I gave her the advance, and some food, but inside I felt sick. Esta has worked for us for two years and is such a dear woman. She is about my age, been married for two years, and has a baby girl who she brings to work with her. She is a believer and is full of joy. But her life is hard. She and her husband rent two small rooms. Not a two bedroom house—two rooms. One for sitting and one for sleeping. She cooks outside and uses an outhouse. They have electricity but rarely use it. They do not have running water. Esta’s husband has been out of work now for over a year. There is a 40% unemployment rate in this city.

We pay Esta about $80 per month, and this is her only job. In addition, we pay for almost all of their rent and cover all of the medical expenses for her and her baby. If she is still working for us when her daughter goes to school, we will help with school fees too. We pay over the going rate. Yet….we’re talking only $80 a month to live on, folks.

Then there’s our life. We live in a four bedroom house that is (sort of) similar to an American house, though rent is about 4 times cheaper here. We have all the amenities, except for a dryer or dish washer, but I have Esta. We own one ten-year-old car. My pantry is always full of food.

We are not living extravagantly by American standards. When we moved here, we carefully thought through our standard of living. We have been purposeful about the location and size of our house—we chose all the details for very specific ministry-related reasons. We live at or below the standard of living compared to the other HOPAC families. In fact, most of the Tanzanian kids at HOPAC live far above us.

Yet I live with constant tension between our lifestyle and that of so many of the people around us—even those about 100 yards from our house. The truth is, even if we lived at a lower standard, as some of the missionaries in the villages do, we would still have more than most Tanzanians. We never have to worry about having enough to eat. We never have to worry about money for a sick child. We are allowed plane trips to the States every couple of years. Our children are guaranteed an excellent education and all the opportunity they will ever desire.

When Gil and I go out to dinner, I think about how that one dinner was a week’s wage for many people in the city. If we go to a hotel for our anniversary for a night, we could easily spend a month’s wage of an average Tanzanian. I think about it when I buy dog food. Or Pringles. Or books.

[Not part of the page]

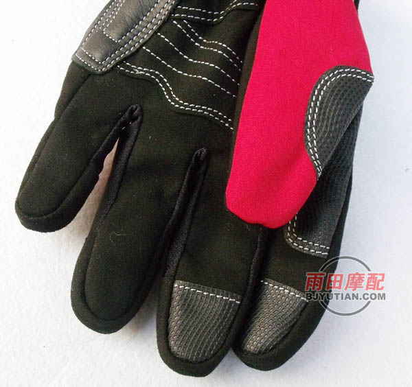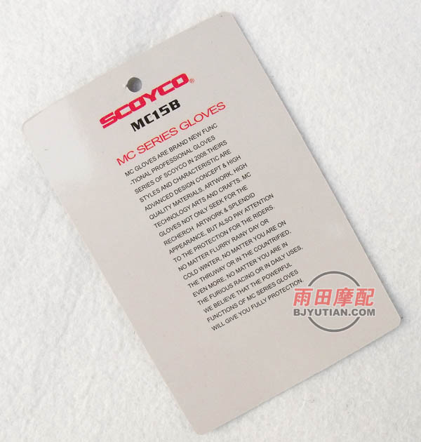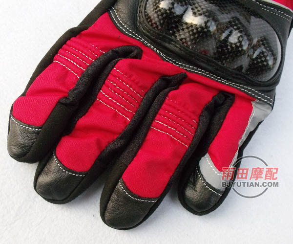 【特 点】:MC15B在07款MX15防水、保暖的基础上加强了其保护性能(加上碳纤维)的一款手套。主要材料为450D尼龙、碳纤维、塔丝隆、超纤、夹层采用COMTEX防水材料、手背处有反光材料。适合雨天、夜间骑行。手腕处有魔术贴固定;防滑设计,汽车、摩托车赛车、山地自行车等都可以佩戴。它不仅适用于竞争激烈的赛场,也适用于单车爱好者们日常的锻炼和出行

Or anything that goes beyond basic living expenses.

Sometimes I just want to run away from it all. It’s just too hard. When Esta asked me for the advance for food, I just wanted to leave Tanzania and go back to America. I often just want to pretend that poverty isn’t really there. Of course, living in the States doesn’t make poverty go away. But in America, surrounded by people who live in luxury, it’s easier to live in denial.

Of course, not everyone is rich in America. But even the poorest have electricity, running water (that won’t make you sick if you drink it), shoes, free education for their children, food stamps, presents at Christmas, a TV, and often even a car and a computer. More importantly, people in America have opportunity to get ahead. Most of the rest of the world does not.

But there are no easy answers. How do we remain generous while staying within economic and cultural norms in Africa? What is the balance between generosity and fostering unhealthy dependence? How many “creature comforts” of western life can still glorify God? How do we really distinguish between “needs” and “wants” (which are very much defined by our culture)? Why do my kids get to experience Disneyland, bubble baths, dress-up clothes, swimming pools, and university, and the kids around the corner do not? Why has God allowed us to have so much and so many to have so little? And what is our responsibility in the midst of that?

Think on poverty, my friends. Though I want to run away from it, God never desires us to put our heads in the sand. When not confronted with it head-on, it’s easy to pretend it doesn’t exist. In the end, I’m thankful I live with this tension. Heaven forbid I start pretending that this life really is heaven, and that I “deserve” comfort—as I am often so tempted.

When my struggle ceases, I will be either in sin, or in Heaven.